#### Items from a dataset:
——
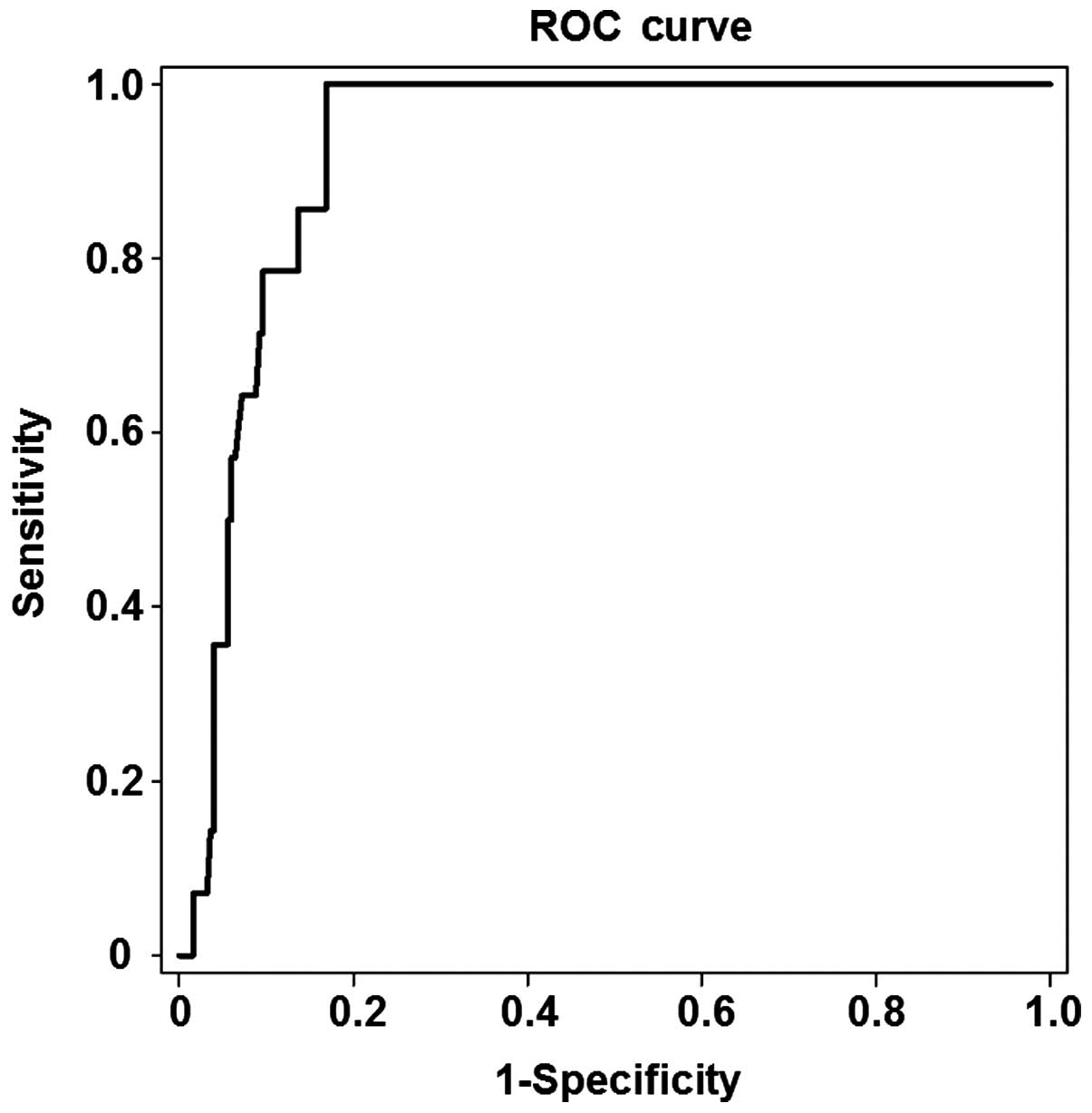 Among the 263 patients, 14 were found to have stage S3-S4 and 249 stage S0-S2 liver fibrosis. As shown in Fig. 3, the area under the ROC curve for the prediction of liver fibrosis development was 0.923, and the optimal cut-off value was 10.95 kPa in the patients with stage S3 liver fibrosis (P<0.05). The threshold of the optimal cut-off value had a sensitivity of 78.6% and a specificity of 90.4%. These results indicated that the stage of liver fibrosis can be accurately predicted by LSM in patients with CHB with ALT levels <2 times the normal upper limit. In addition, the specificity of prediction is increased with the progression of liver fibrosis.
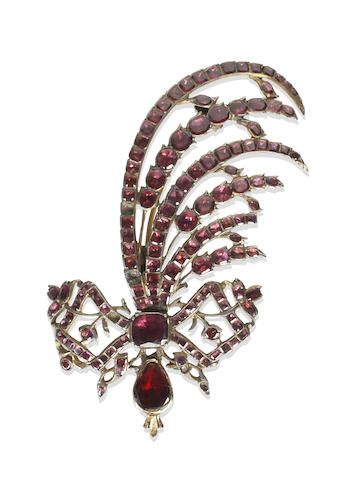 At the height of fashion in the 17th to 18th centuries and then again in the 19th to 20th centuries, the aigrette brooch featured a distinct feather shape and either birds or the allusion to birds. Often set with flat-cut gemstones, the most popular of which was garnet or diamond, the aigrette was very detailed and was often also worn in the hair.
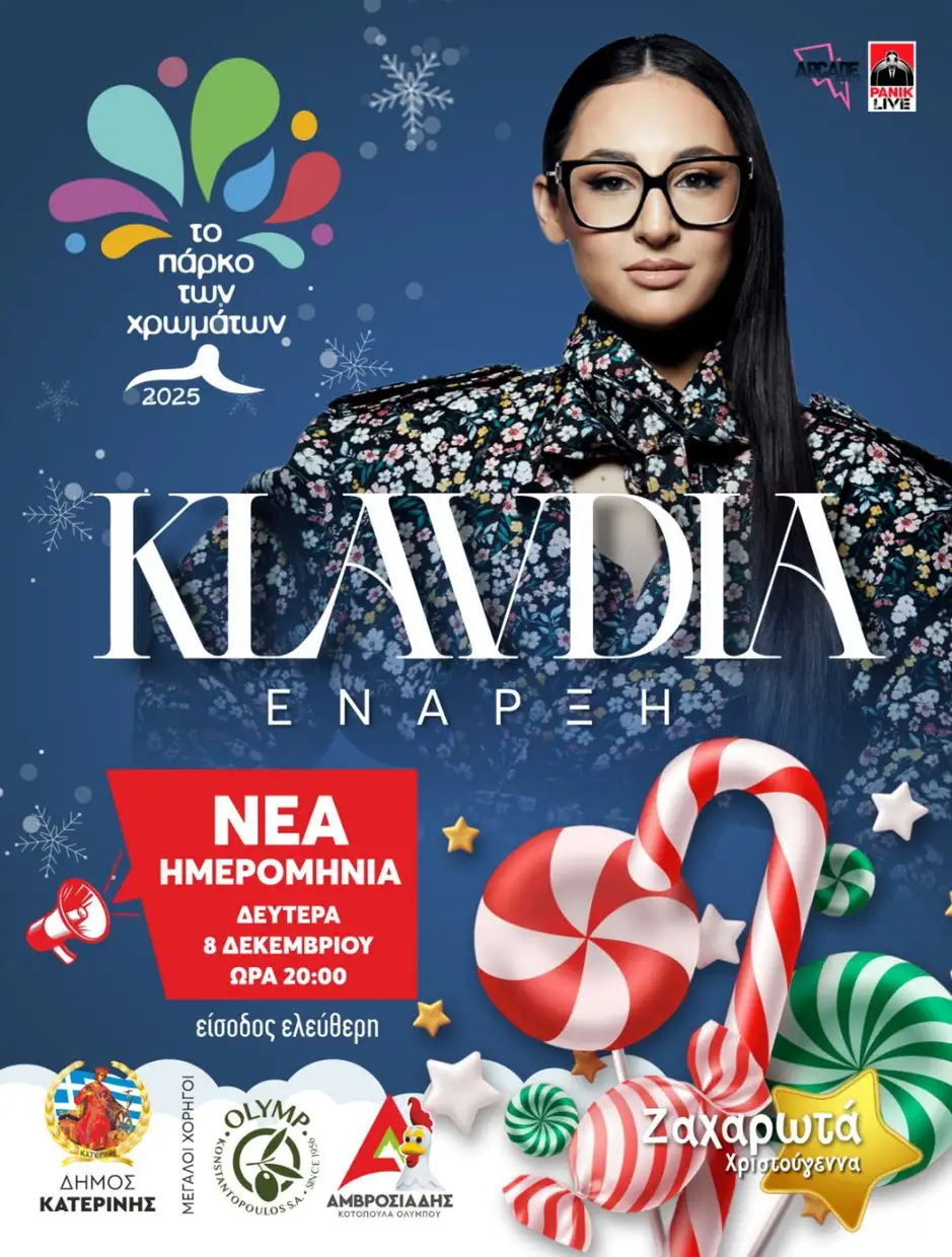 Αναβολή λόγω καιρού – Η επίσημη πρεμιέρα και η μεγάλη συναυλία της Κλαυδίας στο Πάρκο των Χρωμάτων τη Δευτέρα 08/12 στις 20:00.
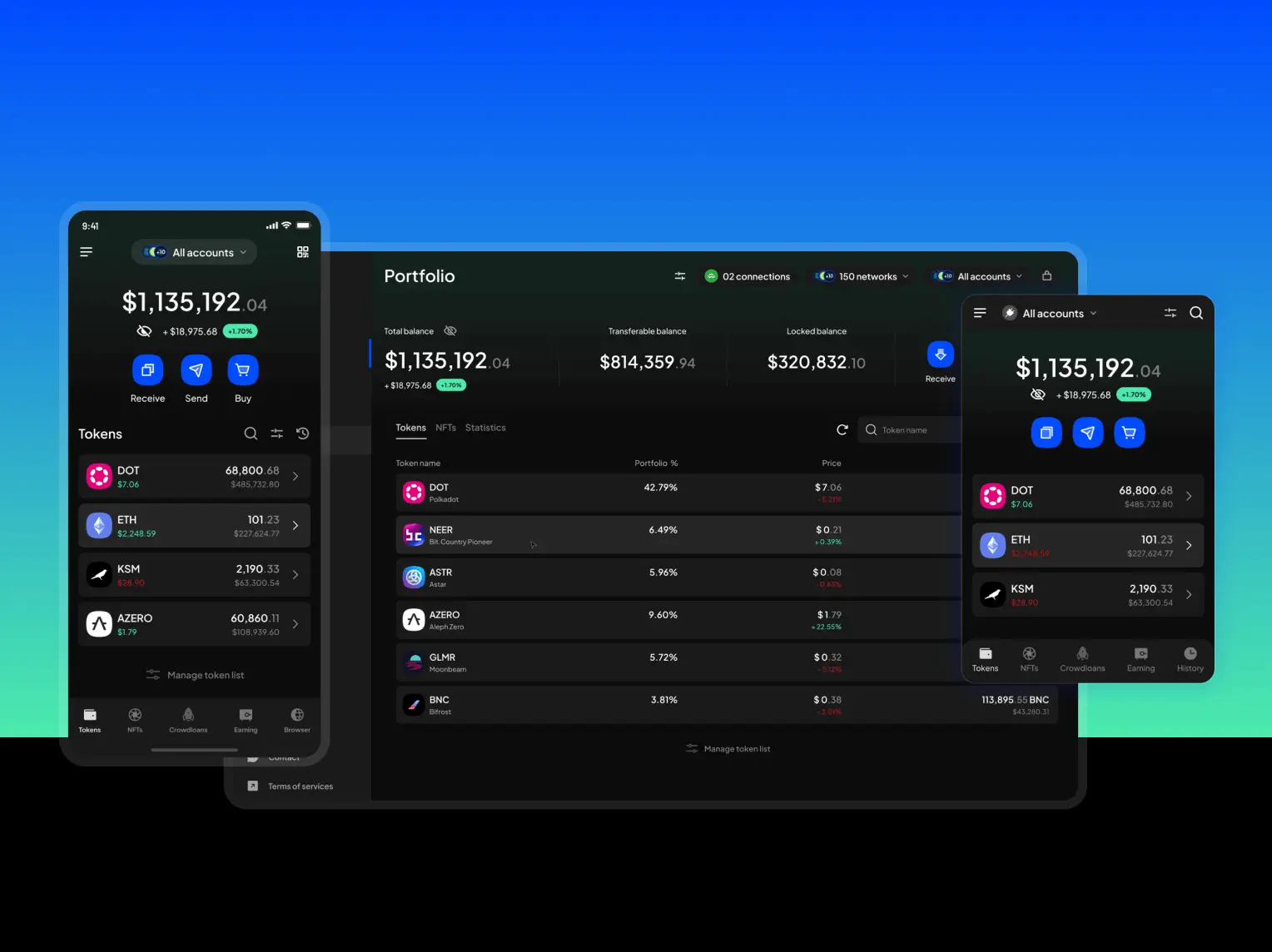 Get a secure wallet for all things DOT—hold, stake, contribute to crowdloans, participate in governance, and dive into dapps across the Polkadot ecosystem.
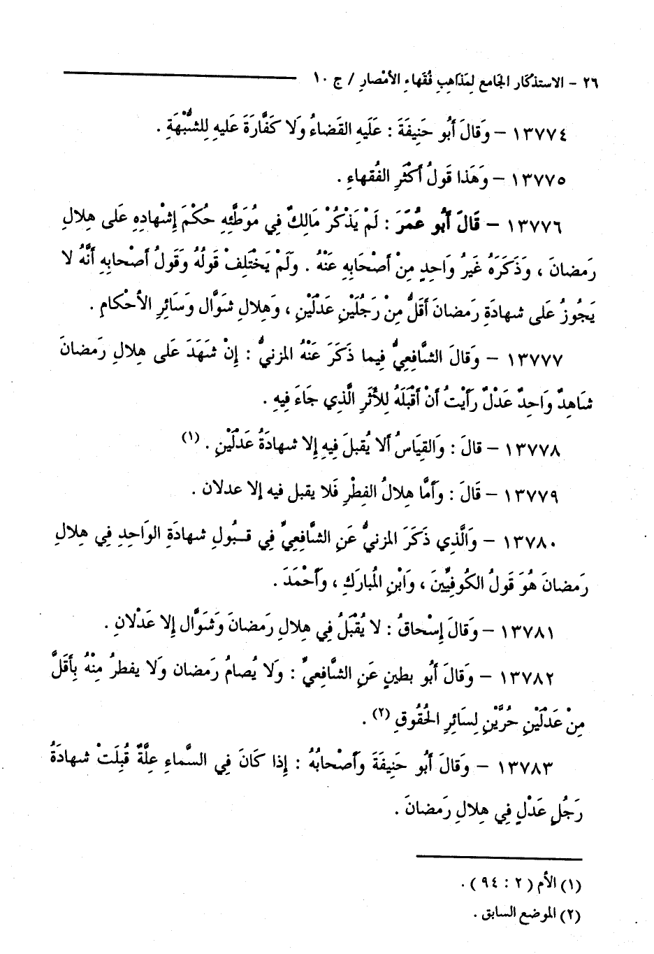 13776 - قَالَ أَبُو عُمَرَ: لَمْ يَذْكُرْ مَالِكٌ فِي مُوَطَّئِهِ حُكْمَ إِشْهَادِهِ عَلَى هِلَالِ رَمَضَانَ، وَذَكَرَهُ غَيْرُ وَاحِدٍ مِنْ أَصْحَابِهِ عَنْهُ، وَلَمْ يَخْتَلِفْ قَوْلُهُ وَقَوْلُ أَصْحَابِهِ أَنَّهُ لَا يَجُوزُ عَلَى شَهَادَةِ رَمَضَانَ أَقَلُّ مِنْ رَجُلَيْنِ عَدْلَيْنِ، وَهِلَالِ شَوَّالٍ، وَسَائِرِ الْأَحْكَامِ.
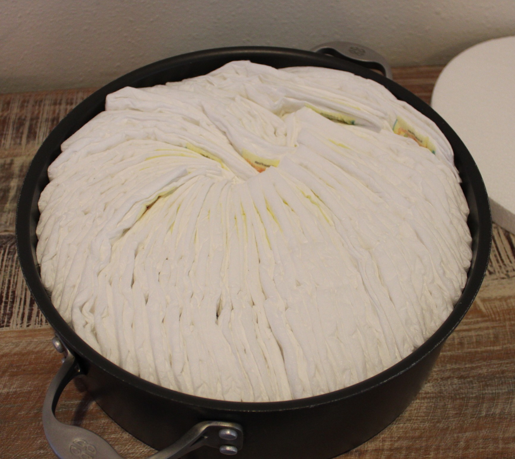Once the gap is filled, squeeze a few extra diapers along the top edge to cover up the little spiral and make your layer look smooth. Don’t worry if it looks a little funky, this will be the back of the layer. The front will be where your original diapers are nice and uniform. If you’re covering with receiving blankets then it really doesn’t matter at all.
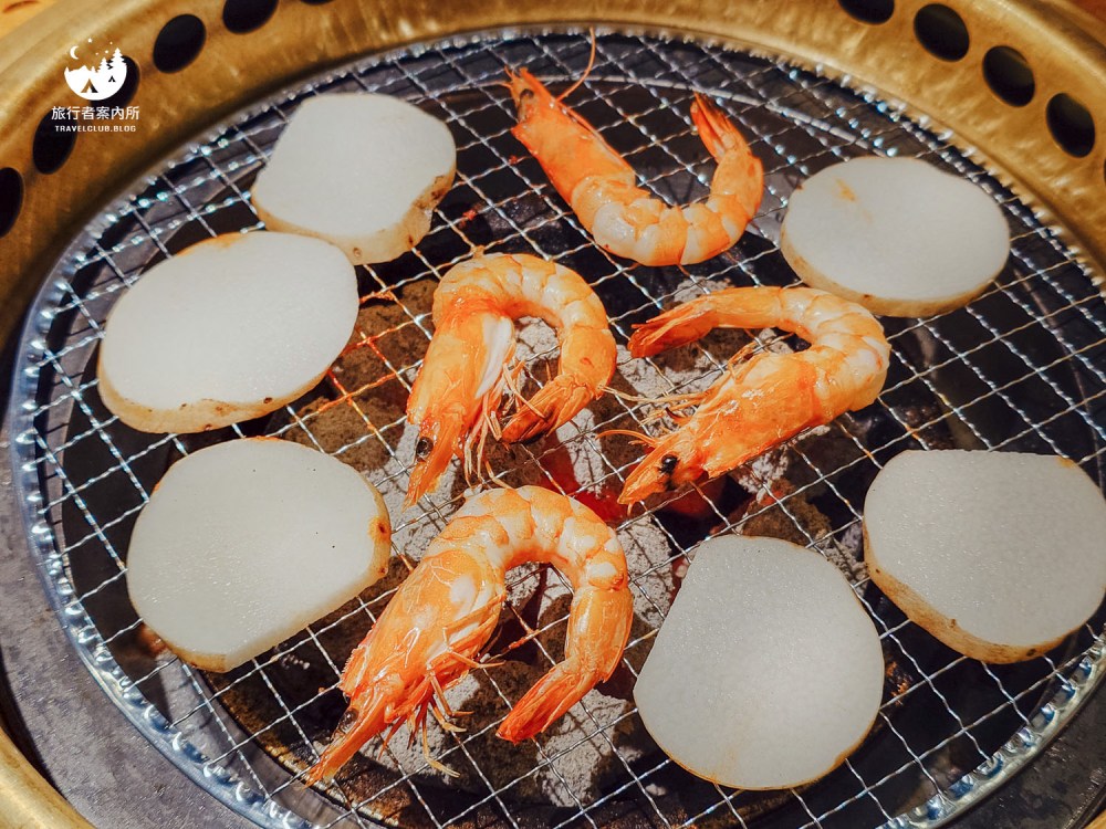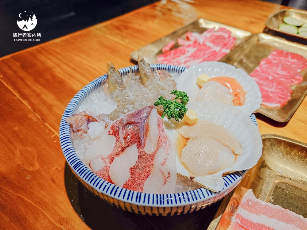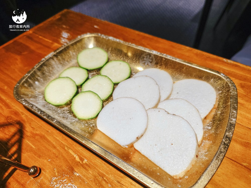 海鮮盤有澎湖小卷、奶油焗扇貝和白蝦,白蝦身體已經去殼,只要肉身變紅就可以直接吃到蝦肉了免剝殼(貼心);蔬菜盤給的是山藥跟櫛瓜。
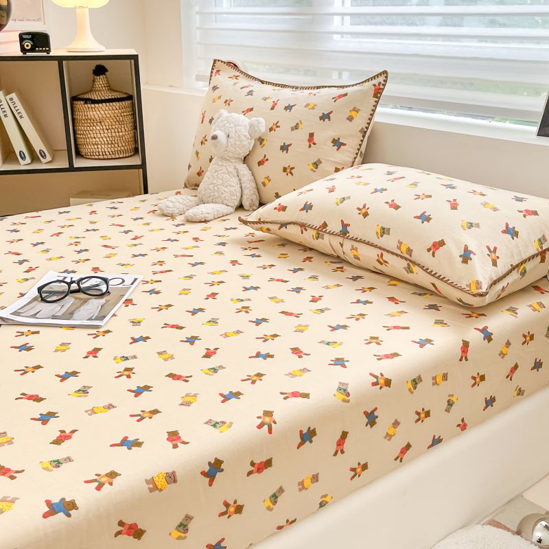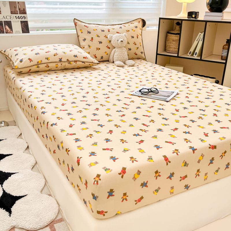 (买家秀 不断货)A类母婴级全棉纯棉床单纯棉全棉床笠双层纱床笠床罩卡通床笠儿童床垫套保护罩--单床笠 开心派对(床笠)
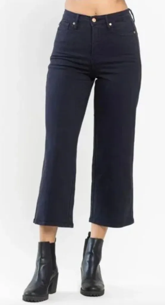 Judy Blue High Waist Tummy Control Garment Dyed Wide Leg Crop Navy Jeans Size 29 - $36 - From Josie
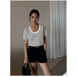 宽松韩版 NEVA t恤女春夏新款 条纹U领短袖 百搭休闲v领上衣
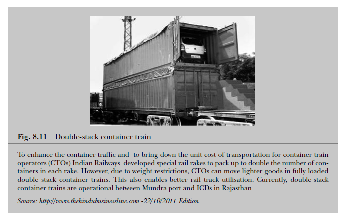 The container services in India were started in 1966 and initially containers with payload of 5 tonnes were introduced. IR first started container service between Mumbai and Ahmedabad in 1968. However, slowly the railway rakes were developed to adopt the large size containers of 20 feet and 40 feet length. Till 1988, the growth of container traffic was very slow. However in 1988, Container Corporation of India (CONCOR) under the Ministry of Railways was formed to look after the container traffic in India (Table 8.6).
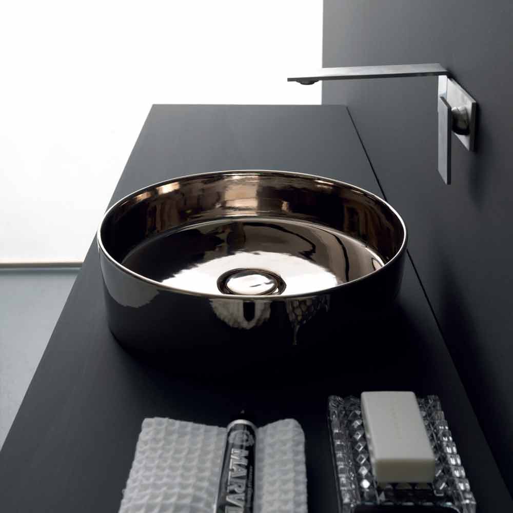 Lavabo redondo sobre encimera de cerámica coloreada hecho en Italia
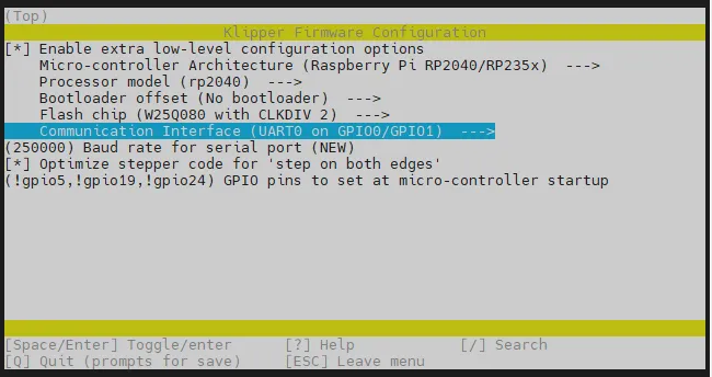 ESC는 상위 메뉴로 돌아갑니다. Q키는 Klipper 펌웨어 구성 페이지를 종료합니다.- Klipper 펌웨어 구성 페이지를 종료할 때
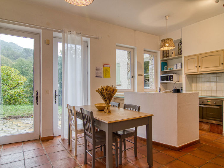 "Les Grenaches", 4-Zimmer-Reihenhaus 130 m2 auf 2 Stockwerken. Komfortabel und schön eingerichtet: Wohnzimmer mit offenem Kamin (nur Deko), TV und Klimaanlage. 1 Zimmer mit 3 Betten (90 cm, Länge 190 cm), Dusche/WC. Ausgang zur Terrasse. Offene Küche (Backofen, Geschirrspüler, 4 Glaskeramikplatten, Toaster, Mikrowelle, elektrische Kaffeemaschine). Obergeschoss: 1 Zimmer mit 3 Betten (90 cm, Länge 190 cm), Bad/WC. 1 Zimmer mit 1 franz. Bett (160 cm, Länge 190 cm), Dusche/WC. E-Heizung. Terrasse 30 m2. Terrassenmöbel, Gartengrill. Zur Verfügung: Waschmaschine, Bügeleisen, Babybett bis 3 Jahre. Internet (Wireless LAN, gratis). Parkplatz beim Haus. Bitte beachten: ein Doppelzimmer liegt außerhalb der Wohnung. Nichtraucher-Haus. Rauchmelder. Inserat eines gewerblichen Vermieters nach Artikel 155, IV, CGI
——
#### WHAT IS REQUIRED:
From the line containing "The container services" through the line containing "ESC는 상위 메뉴로", copy every line above exactly, without pictures.

#### RESPONSE AREA:
 The container services in India were started in 1966 and initially containers with payload of 5 tonnes were introduced. IR first started container service between Mumbai and Ahmedabad in 1968. However, slowly the railway rakes were developed to adopt the large size containers of 20 feet and 40 feet length. Till 1988, the growth of container traffic was very slow. However in 1988, Container Corporation of India (CONCOR) under the Ministry of Railways was formed to look after the container traffic in India (Table 8.6).
 Lavabo redondo sobre encimera de cerámica coloreada hecho en Italia
 ESC는 상위 메뉴로 돌아갑니다. Q키는 Klipper 펌웨어 구성 페이지를 종료합니다.- Klipper 펌웨어 구성 페이지를 종료할 때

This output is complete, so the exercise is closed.